Union budget 2009-10
(Ved Prakash Chaturvedi is the Managing Director of Tata Asset Management Ltd. The views expressed in this column are his own)
By Ved Prakash Chaturvedi
The annual Budget presentation exercise of the Government over the last few years increasingly has been seen more as a statement of accounts with particular focus on the broad policy measures and intent of Government spending in the coming few years rather than an opportunity for specific details of reform moves.
This trend has continued in this Budget. After the Elections, this is the first economic policy statement that this Government was making. Also it was the first of the five successive such statements that the Government will make.
Hence, we heard the FM talk about the emphatic policy intent of looking at the strategic perspective and talking about key focus areas like soft infrastructure, hard infrastructure, roadmap of public finances, increase in FDI limits, divestment programme, etc.
The backdrop to the presentation of the Budget presented a mixed picture. Global slowdown, slipping fiscal prudence, the need to provide stimulus to the domestic economy, high liquidity overhang and yet high real interest rates.
The Budget had the difficult task of attempting to stimulate equitable growth and large investment while projecting a path towards improvement in public finances.
The stock markets have given an emotional negative reaction to the Budget given the fact that expectations on details were high.
The general expectation was that this was actually the first Budget of a highly reform oriented Government free from constraints and hence specific policy details in areas like divestment, infrastructure development, improvement of public finances and increase in overseas investment limits in various sensitive industries will form the highlights.
However, the Budget actually touches upon all these areas with emphasis while leaving details for later. It is clear that future policy announcements referring to these details of the measures to come will need to be watched carefully.
Once the market digests this and starts looking to the future and to the fundamentals of the Indian economy and as overseas investors understand the fine print, nerves will settle.
With the direct tax proposals being revenue neutral and with a marginal increase in taxes, it is quite evident that the fiscal deficit will most probably be higher than even the estimates and markets will start to worry about inflation.
A higher fiscal deficit is likely to put continued pressure on long bond yields. Thus, bottom lines of companies and large projects will continue to be under pressure because of higher interest costs.
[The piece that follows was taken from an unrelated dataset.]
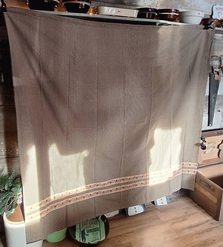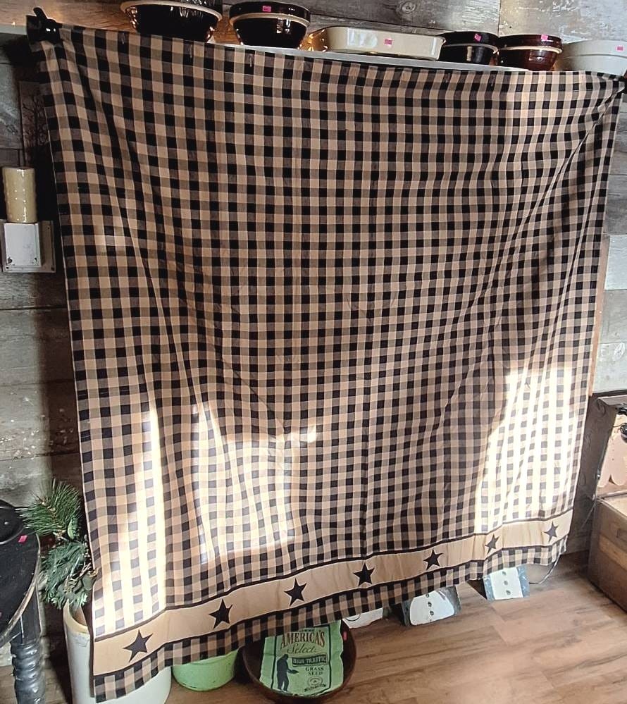 522 Gingham-Pattern Fabric Curtain with Star Border, The Country House Collection, 72×72?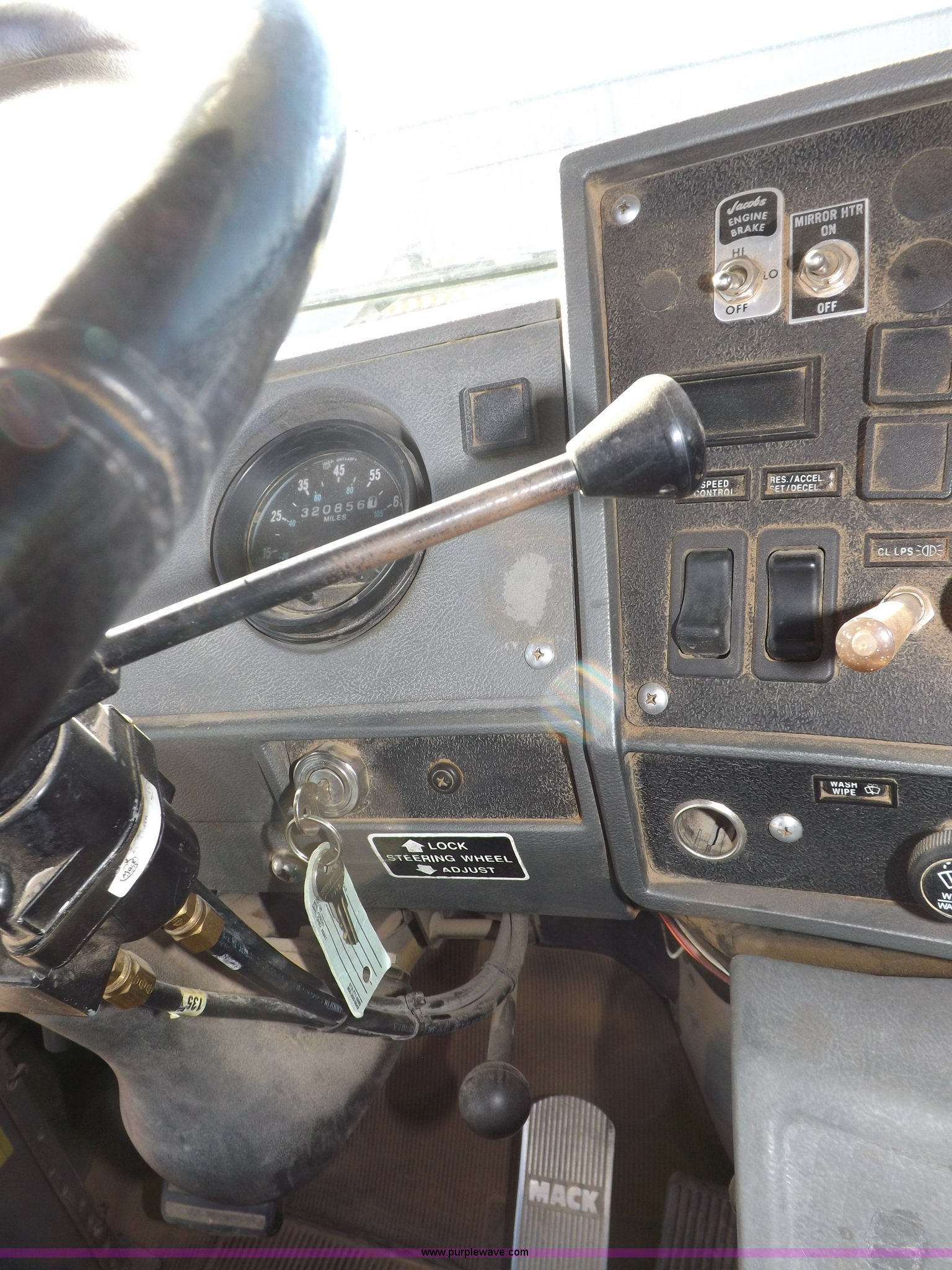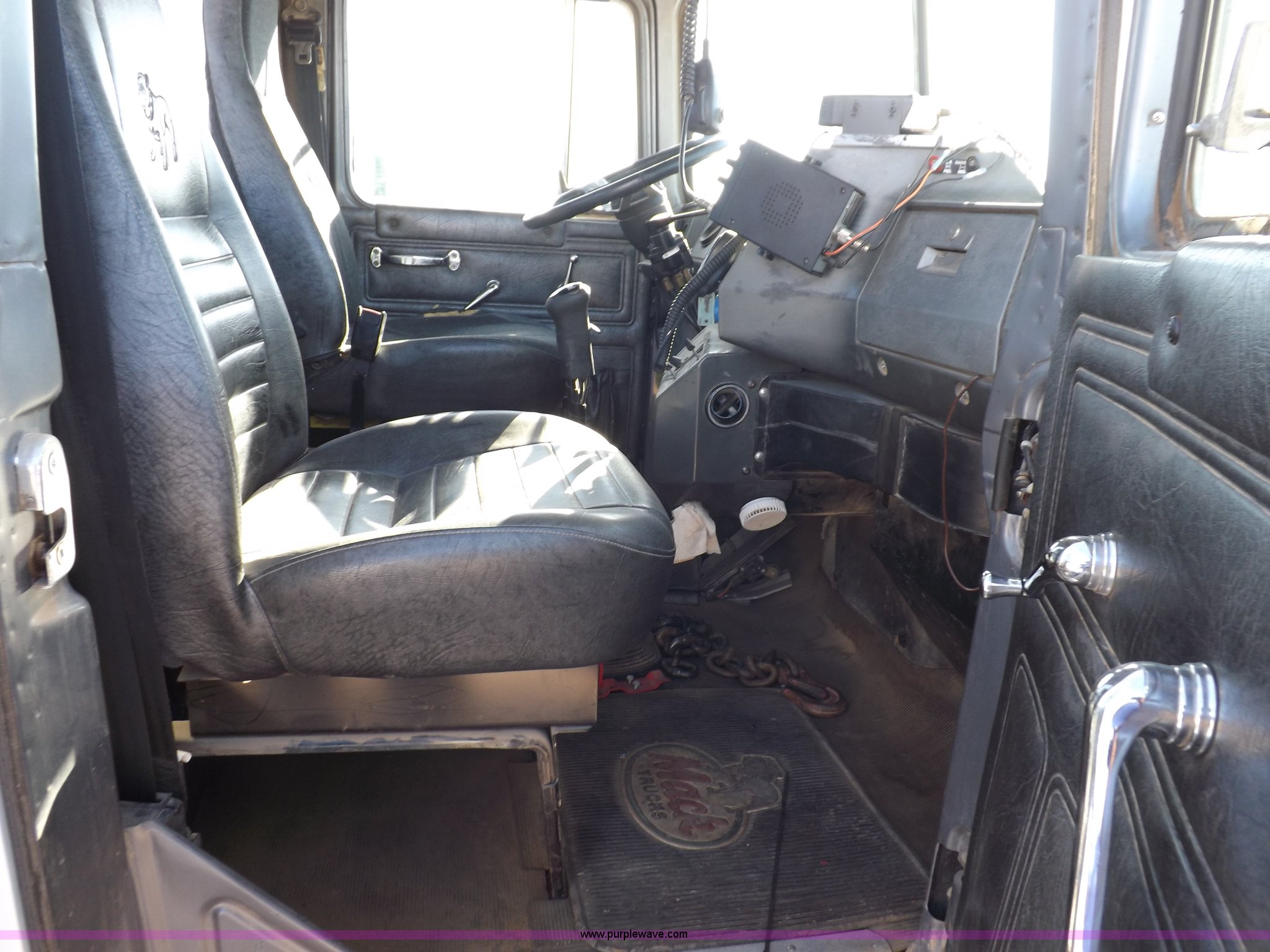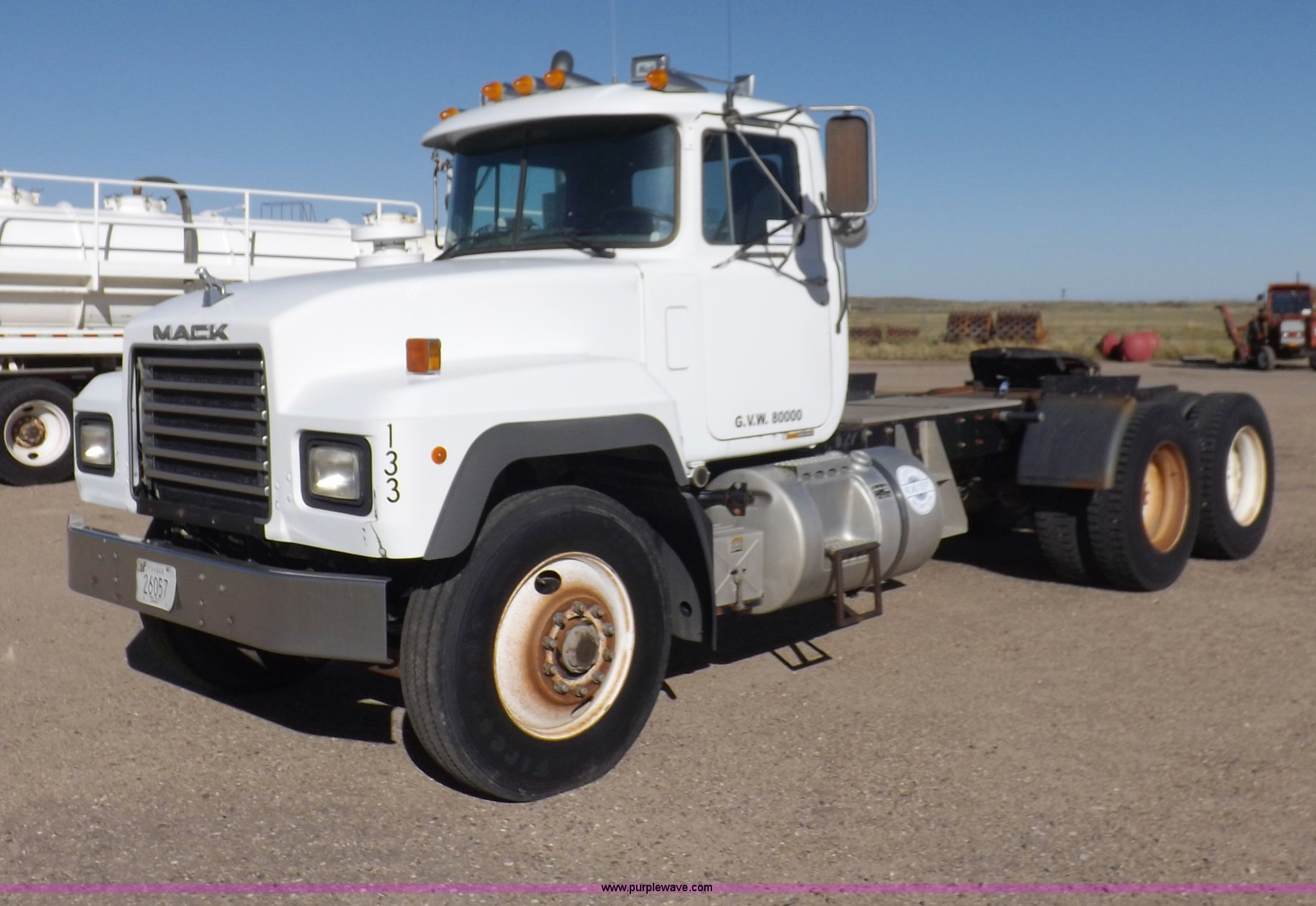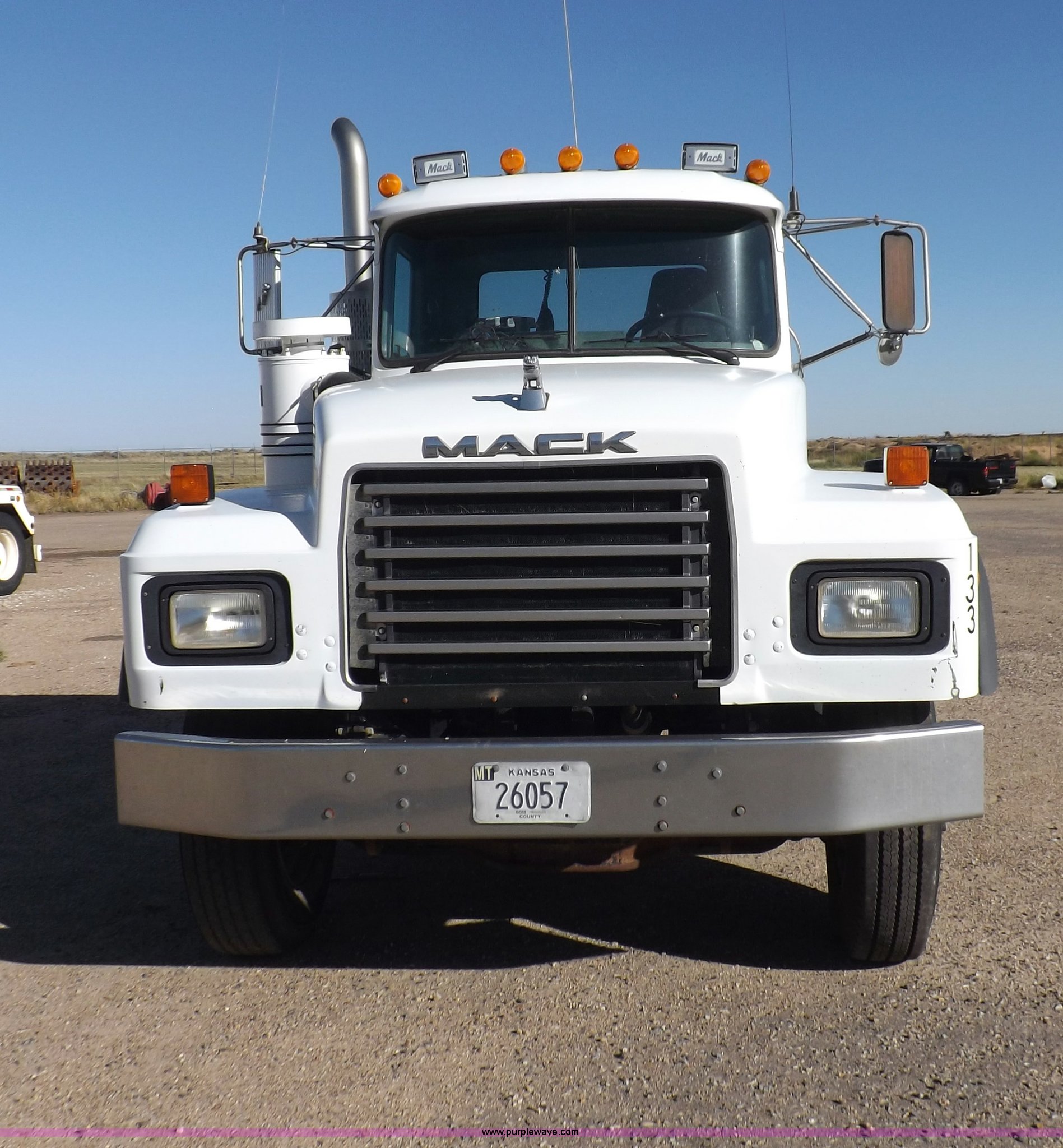 Purple Wave is selling a used Truck Tractor in Kansas. This item is a 1997 Mack RD688S semi truck with the following: 320,856 miles on odometer, Mack E7 12.0L L6 diesel engine, 350 HP, Maxitorque T2130 13 speed manual transmission, AC and heat, Tilt, Cruise, AM/FM/cassette, Air suspension seat, Heated mirrors, Air ride cab, Visor, Chrome bumper, Block heater, Air slide fifth wheel, Dual 79 gallon fuel tanks, Single rear exhaust stack, Aluminum deck plate, Steel quarter fenders, Spring suspension, Air brakes, Brake controller, Jake brake, 231" wheelbas, 11R24.5 tires, Interior/exterior cosmetic damage, Radio gear will be removed, Torn seat, Right rear wheel seal leak, Cracked windshield, Unit# 133

Introduction of higher MAT will further cause concern to some companies.
It should however be noted that the Budget specifically speaks about concerns on fiscal slippages and the intention to put in place a renovated medium term FRBM policy.
Though the immediate impact of the Budget is unlikely to cheer the markets, some bold moves have been initiated which in the long run can prove decisive for sustaining the growth momentum of the economy.
Building of infrastructure in certain key areas e.g. roads where a target of 7,000 KMS. per year has been fixed. Focus on urban infrastructure, increasing the efficiency of the rail infrastructure, etc. seem to be definite positive moves. Similarly, the significant focus on disinvestment with Indian investor participation can yield huge results if continued persistently over a 5-year period.
The removal of surcharge of 10% on personal income-tax will come as a good relief for tax payers.
This should generally be positive for stimulating retail consumption demand. The statement of the timeline for introduction of GST would also enhance the efficiency of the tax structure. These tax measures though modest will certainly help boost consumer sentiment.
The Indian economy is capable of delivering high growth rates of over 8% provided its key enablers viz. investment, infrastructure, inclusive polity and a stable geo-political climate are in place.
While walking a narrow path between the need for stimulating growth at the same time promoting fiscal prudence, the Government has certainly emphatically talked about its determination of ensuring that these enablers are in place. In a difficult global scenario, India will stand out as a growing economy, once nerves settle investors will come back.